Gageler J agreed with French CJ and Keane J that the appeal should be dismissed. His Honour referred to Brennan J’s statement in Mabo, referenced in Western Australia v The Commonwealth (1995) 183 CLR 373 at 439, that:

a clear and plain intention to extinguish native title is not revealed by a law which merely regulates the enjoyment of native title or which creates a regime of control that is consistent with the continued enjoyment of native title.

His Honour found nothing in the NSA regime inconsistent with the continued existence of native title rights (or of any other rights).

Hayne J found that the taking of possession of land under the NSA was the taking of exclusive possession and an act that extinguishes native title.

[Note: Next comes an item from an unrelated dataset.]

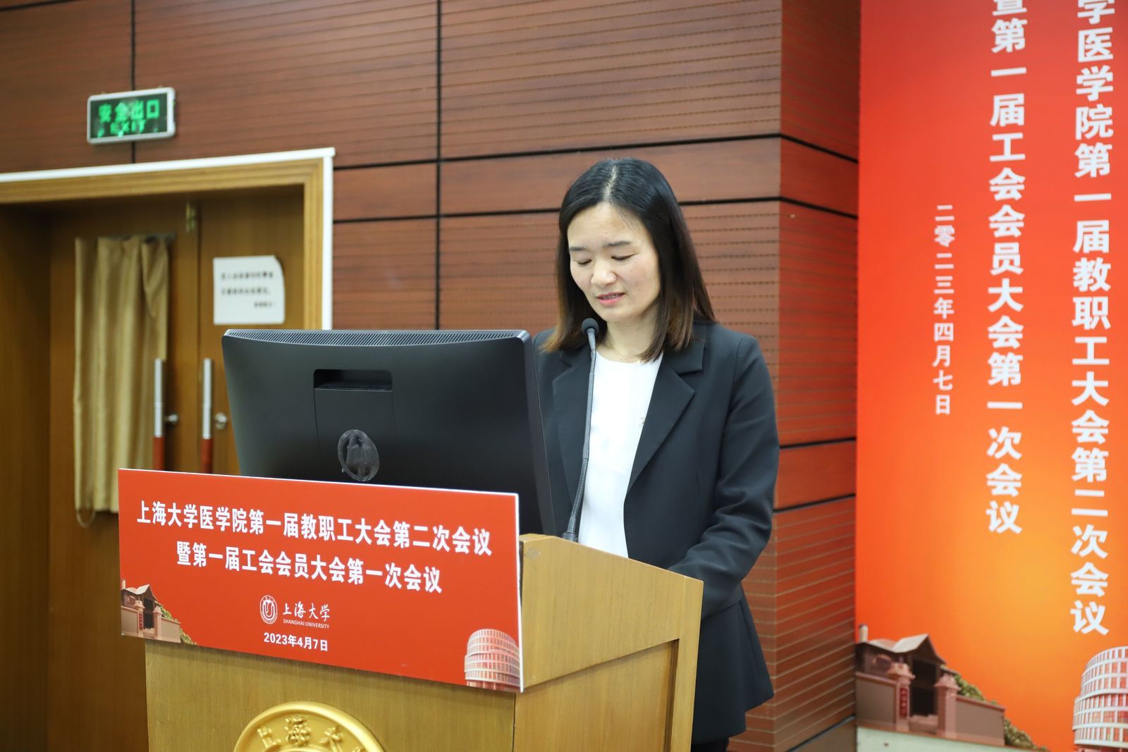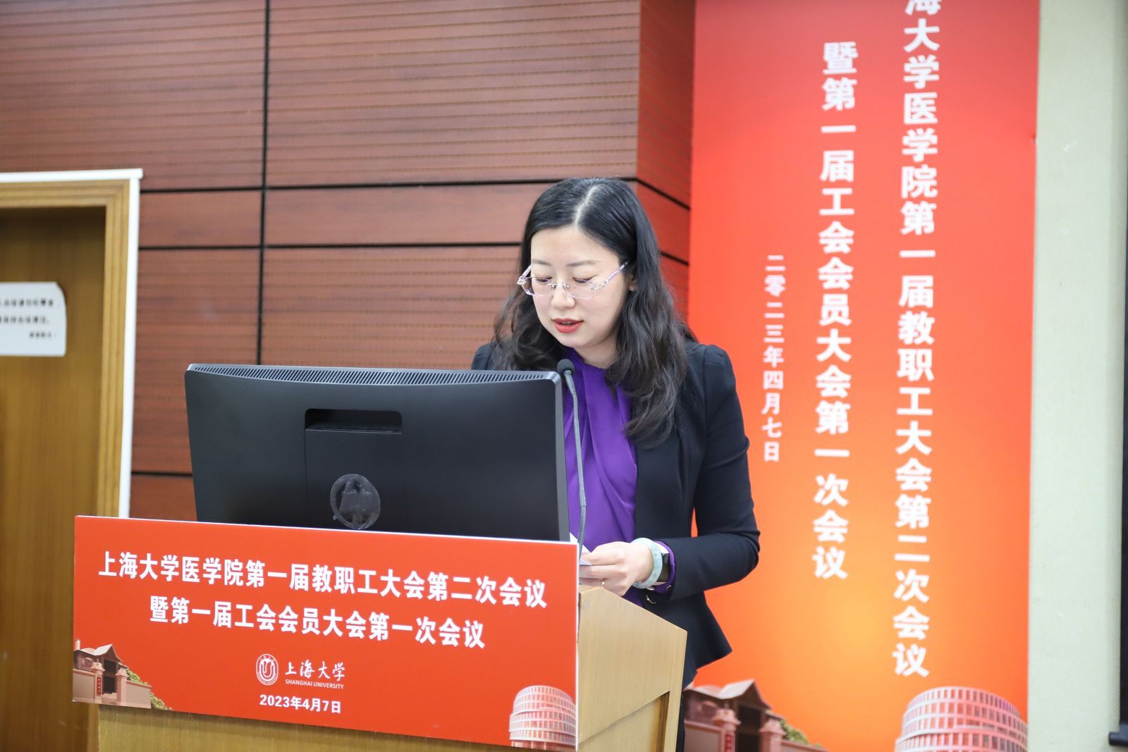 beat365手机官方网站工会副主席勾金华代表校工会向本次大会的成功召开表示热烈祝贺。她表示,教职工代表大会是学校治理体制的重要组成部分,是教职工行使民主权利、依法参与学校民主管理和民主监督的基本制度和基本形式,本次大会的召开将会进一步加强学院老师、工会会员的凝聚力,推动医学院民主政治建设和整体工作的全面发展。
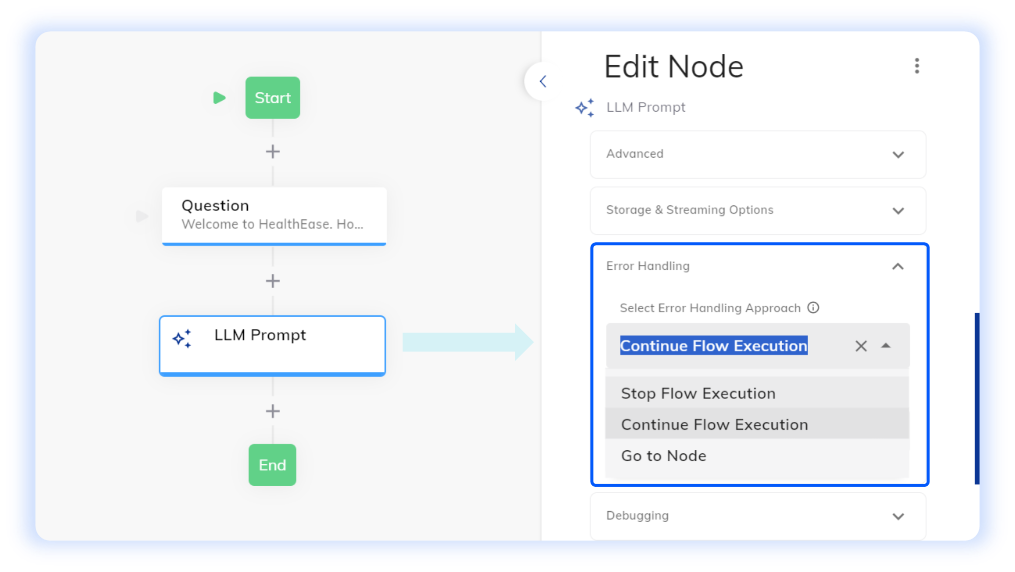 - Continue Flow Execution - allow AI Agents to bypass the error and proceed to the next steps.

His Honour looked to the issue of extinguishment stating, at [57], that:

The determinative question in either kind of case is whether the rights granted or asserted are inconsistent with native title rights and interests over the land.

His Honour referred to the decision in Fejo v Northern Territory (1998) 195 CLR 96 and that a grant in fee simple is inconsistent with and, therefore, extinguishes native title ‘and is not revived if the land is later held again by the Crown.’ His Honour also reiterated the majority’s statement in Western Australia v Ward (2002) 213 CLR 1 per Gleeson CJ, Gaudron, Gummow and Hayne JJ at [91], that:

“[t]wo rights are inconsistent or they are not. If they are inconsistent, there will be extinguishment to the extent of the inconsistency; if they are not, there will not be extinguishment." And "[a]bsent particular statutory provision to the contrary, questions of suspension of one set of rights in favour of another do not arise.” (emphasis added).

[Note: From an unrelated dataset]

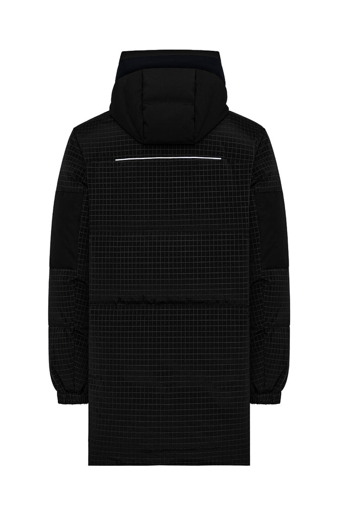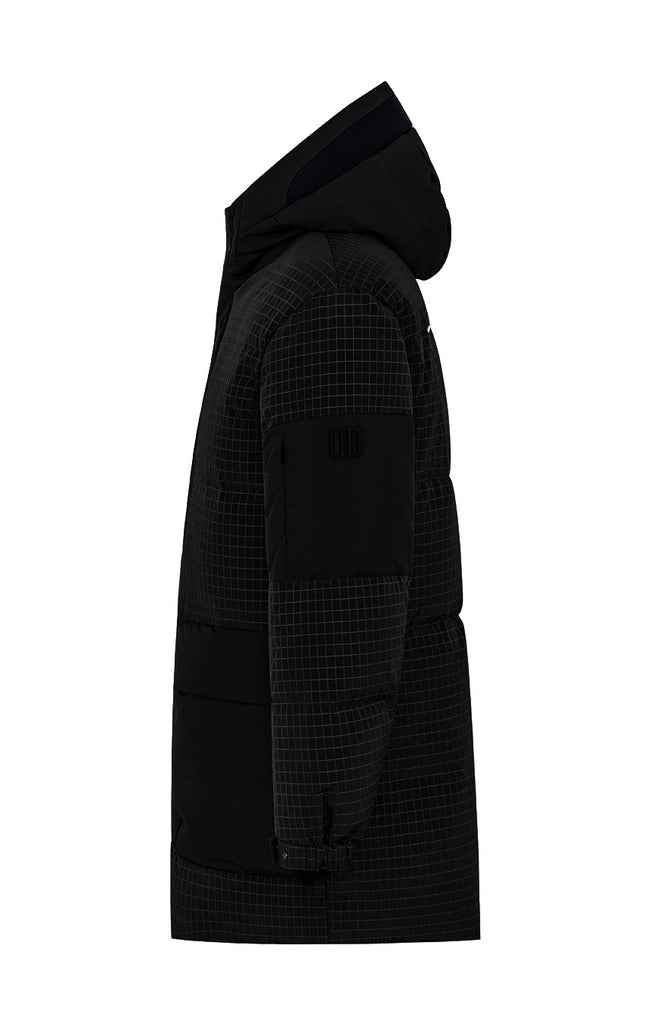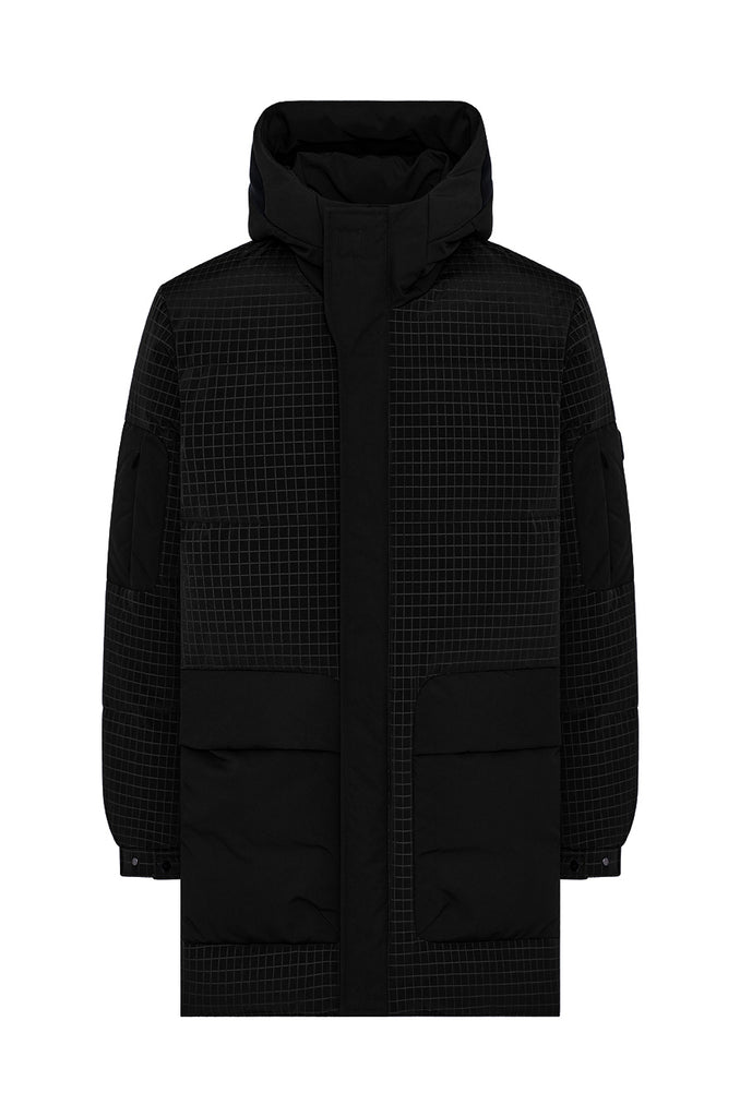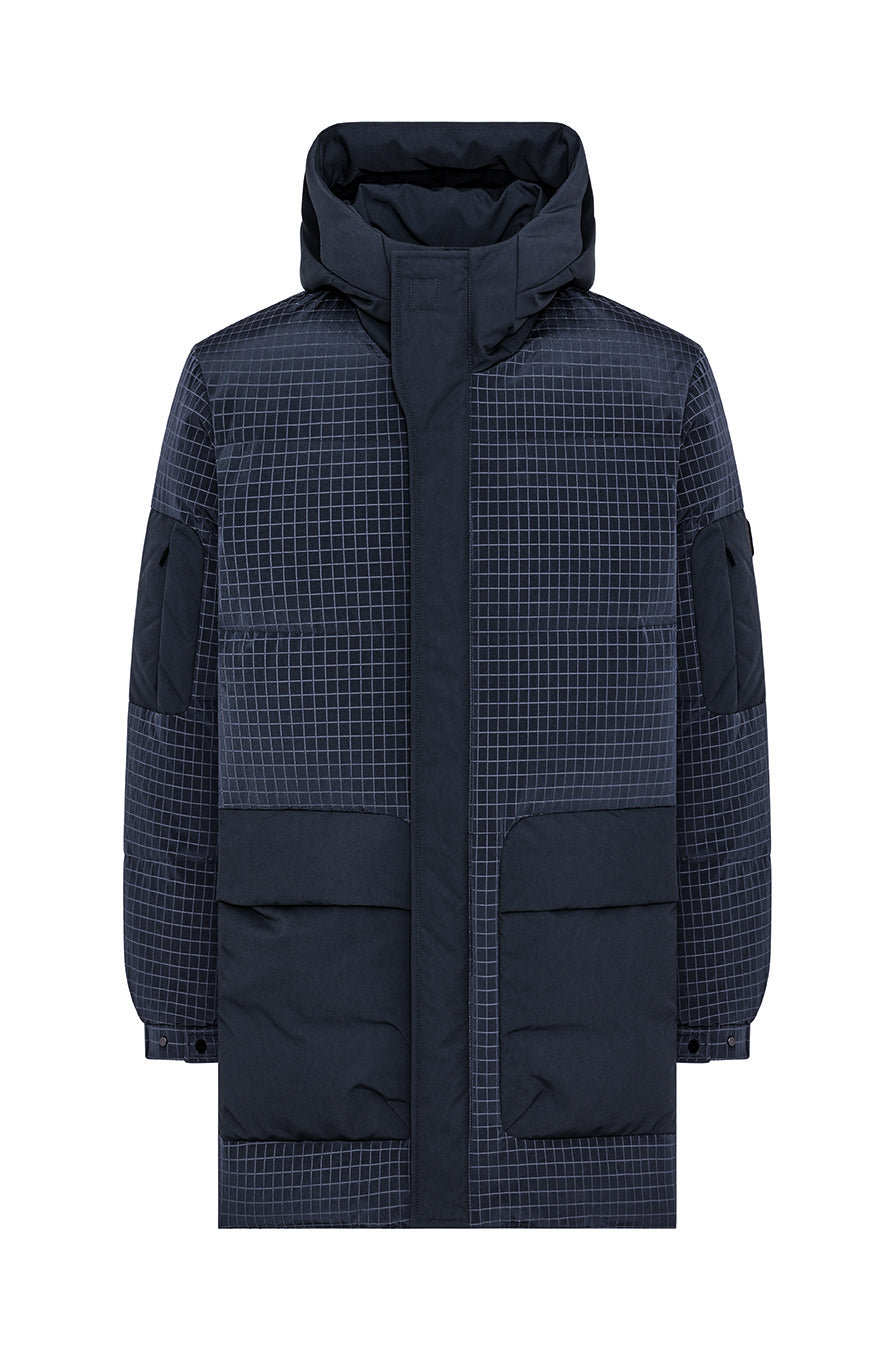 Parka in technical fabric with macro rip-stop nylon structure and down padding. Double front closure with double slider zipper and snap button covered by the front placket with FIDLOCK® button detail. Wide side patch pockets closed by snap buttons and invisible zipper, pockets on the sleeve and elasticated sleeve bottom, adjustable with snap buttons. On the inside, multi-functional pockets with reflective details.

Hayne J’s reasoning at [65] included an assumption that ‘competent legislation could validly suspend the exercise of native title rights and interests.’ However, his Honour doubted that legislation could achieve that result ‘except by express and detailed provisions to that desired effect.’ His Honour did not consider that result to have been achieved with the NSA.

Hayne J held that the appeal by Queensland should be allowed on the basis that the Commonwealth asserted rights, under the NSA, that were inconsistent with the Bar-Barrum People’s native title rights and interests and, therefore, extinguished those native title rights and interests.

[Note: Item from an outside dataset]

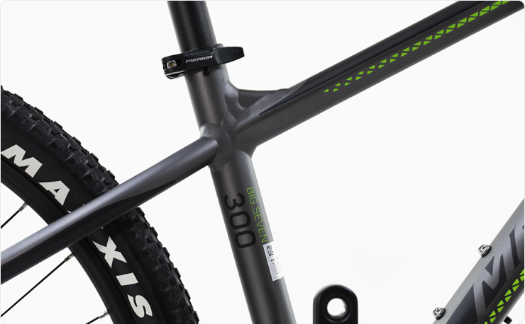 TFS 공법으로 깔끔하고 매끈하게 성형된 더블버티드 빅세븐 6061 알로이 프레임은 가볍고 강성이 뛰어납니다.
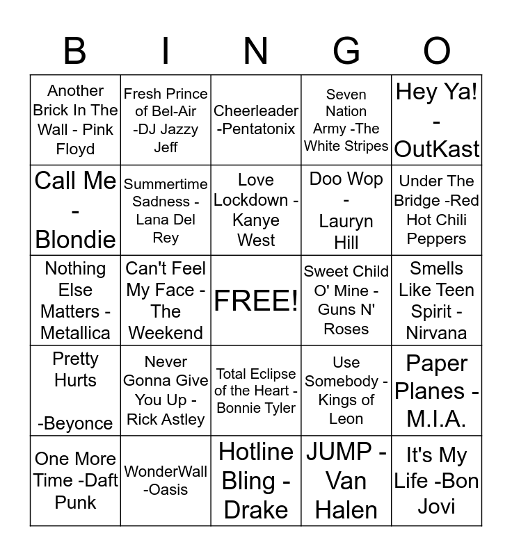 This bingo card has a free space and 24 words: Never Gonna Give You Up - Rick Astley, WonderWall -Oasis, Love Lockdown - Kanye West, One More Time -Daft Punk, Hey Ya! - OutKast, Another Brick In The Wall - Pink Floyd, Call Me - Blondie, Fresh Prince of Bel-Air -DJ Jazzy Jeff, Sweet Child O' Mine - Guns N' Roses, Total Eclipse of the Heart - Bonnie Tyler, Doo Wop - Lauryn Hill, Nothing Else Matters - Metallica, Use Somebody - Kings of Leon, Paper Planes - M.I.A., Summertime Sadness - Lana Del Rey, JUMP - Van Halen, Smells Like Teen Spirit - Nirvana, Cheerleader -Pentatonix, Under The Bridge -Red Hot Chili Peppers, Can't Feel My Face - The Weekend, It's My Life -Bon Jovi, Pretty Hurts -Beyonce, Seven Nation Army -The White Stripes and Hotline Bling - Drake.

Kiefel J discussed a range of cases including Mabo, Western Australia v Ward, Wik and Fejo, to set out that extinguishment of native title occurs where the rights granted are inconsistent with the native title rights and interests. Her Honour stated, at [93], that ‘the test of inconsistency is admittedly strict’ and, at [94], that ‘[e]xtinguishment does not depend on the inconsistency between the rights enduring permanently or even for a particular period.’

Her Honour stated, at [107], that ‘the Commonwealth took to itself a right of exclusive possession.’

Although accepting that the Military Orders were made under extraordinary war time powers and were limited in their duration, Kiefel J concluded, at [126], that ‘[t]hese features do not affect the test of inconsistency of rights which previous decisions of this Court apply as the criterion of extinguishment.’

Bell J did not accept that the Bar-Barrum People’s native title rights and interests survived the making of the Military Orders. Her Honour also applied an ‘inconsistency of incidents test’, reasoning at [130] that ‘[i]f continuation of the native title rights is logically inconsistent with the rights conferred or assumed by sovereign act, native title is extinguished.’

Furthermore, at [131], Bell J stated that:

[n]ative title rights do not “spring forth again” when land that has been the subject of a freehold or leasehold estate comes to be held again by the Crown. Such is the vulnerability of native title that the grant of a lease for a term of short duration will extinguish it as effectively as the grant of an estate in fee simple.

Her Honour distinguished Western Australia v Brown [2014] HCA 8 on the basis that the rights in the mineral leases in that case allowed Western Australia and third parties access to the land, whereas the Military Orders in this case provided for exclusive possession.